How big was this record gar you caught?


----------



## NoMoSurf

Randall2point0 said:


> Wirelessly posted
> 
> 
> 
> How big was this record gar you caught?


8lb 9oz And before I get a lot of responses saying that they have seen some 3 or 4 times that big, those were probably longnose or alligator gar. This is a spotted gar. the smallest of the North American species.


----------



## Bman74

NoMoSurf said:


> 8lb 9oz And before I get a lot of responses saying that they have seen some 3 or 4 times that big, those were probably longnose or alligator gar. This is a spotted gar. the smallest of the North American species.


Thats pretty damn cool!


----------



## MikeH

Good Catch! I Have ShoT Spotted Gar Very Close To That Size,BuT Of Course It Has To Be Caught To BeEligible FOr A Record. Again,Great Catch,The Record Is Something To Be PRoud Of!


----------



## Randall2point0

Wirelessly posted

Those gar are a pain when fishing dock lights! Get out of my way!


----------



## gastonfish

NoMoSurf said:


> 8lb 9oz And before I get a lot of responses saying that they have seen some 3 or 4 times that big, those were probably longnose or alligator gar. This is a spotted gar. the smallest of the North American species.


Nice! Do you eat them?? 
BTW My wife would have killed me if she came home to see that on her countertop!!


----------



## NoMoSurf

MikeH said:


> Good Catch! I Have ShoT Spotted Gar Very Close To That Size,BuT Of Course It Has To Be Caught To BeEligible FOr A Record. Again,Great Catch,The Record Is Something To Be PRoud Of!


I caught one quite a bit bigger a few years before. I turned him loose. A few days later, I was wondering what the record was and looked it up. DAMN!

Do I eat them, no. I have heard that they are good. I tried to clean one once, but broke a knife on him and didn't get in...

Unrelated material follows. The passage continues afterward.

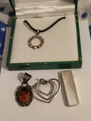 IMPORTANTE: preguntar disponibilidad antes de comprar. Lote indivisible. 5 colgantes plata 925 por 50€. No se aceptan ofertas. Conjunto de cinco colgantes de plata de ley 925.. - Un colgante con forma de globo terráqueo. - Un colgante con piedra ámbar. - Un colgante con diseño de hoja y detalles. - Un colgante ovalado con incrustaciones de nácar. - Un colgante redondo con figura de ángel..
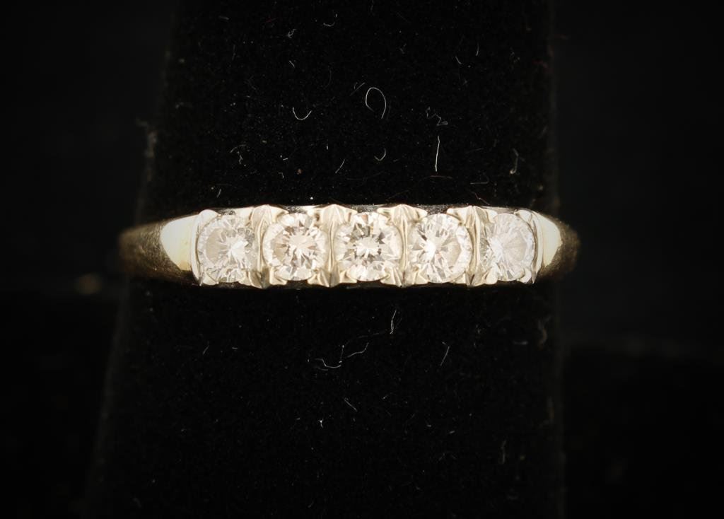 Diamond band with 5 old cut good quality diamonds. Approximately 30 points total in gold band (unmarked) tests 10-14K. White stones. Est.: $100-$300

as for the kitchen counter. Wife was mad, but I was recently married and it was my house first... I didn't say it though :thumbsup: She had to go though. Current wife lets me clean fish (that she mostly caught0 on the kitchen counter. Then she cooks em. LOVE that woman!


----------



## NoMoSurf

I'm surprised that no one has pointed out that I killed that one. He died from being hooked, plus he is one of only 3 or 4 that I have ever killed.


----------



## kilroy1117

I was just thinking, "Man, that's dude wife is gonna smoke his ass if she sees that fish on the counter!" That's pretty damn funny. Good on ya!


----------



## weedline

why kill one if not to eat it im fine to kill anything for a meal but if u are to lazy to cook it dont kill it


----------



## ditz

I certainly agree on not killing the gar. I don't live in your area so maybe I don't have a say. I do know that it is against the law to kill alligator gar if not the others. There are a few up here and I hope to get into them one of these days on a flyrod. .....some of the idiots up here still kill carp. What a waste. One of the best fighting fish in warmwater and they can get quite large. I for one will call the law if I ever see anyone killing gar or carp. :thumbsup:


----------



## CatHunter

Gars are no threat to other fish. They primarily scavenge and hunt smaller fish that will fit in its mouth.


----------



## Randall2point0

Wirelessly posted



CatHunter said:


> Gars are no threat to other fish. They primarily scavenge and hunt smaller fish that will fit in its mouth.


Try threaten my menhaden while fishing dock lights! Lol


----------



## CatHunter

Randall2point0 said:


> Wirelessly posted
> 
> 
> 
> Try threaten my menhaden while fishing dock lights! Lol


Ain't that the truth. They love shad and menhaden.


----------



## Randall2point0

Wirelessly posted

Yeah, when there is about 15 gar under a light and your trying to striper fish it's frustrating. But a good thing about gar is it takes them a while to turn the bait around in their mouth to eat it, so if one takes your live bait you rarely actually hook one unless you free spool him for a minute. But you run through your bait like that also.


----------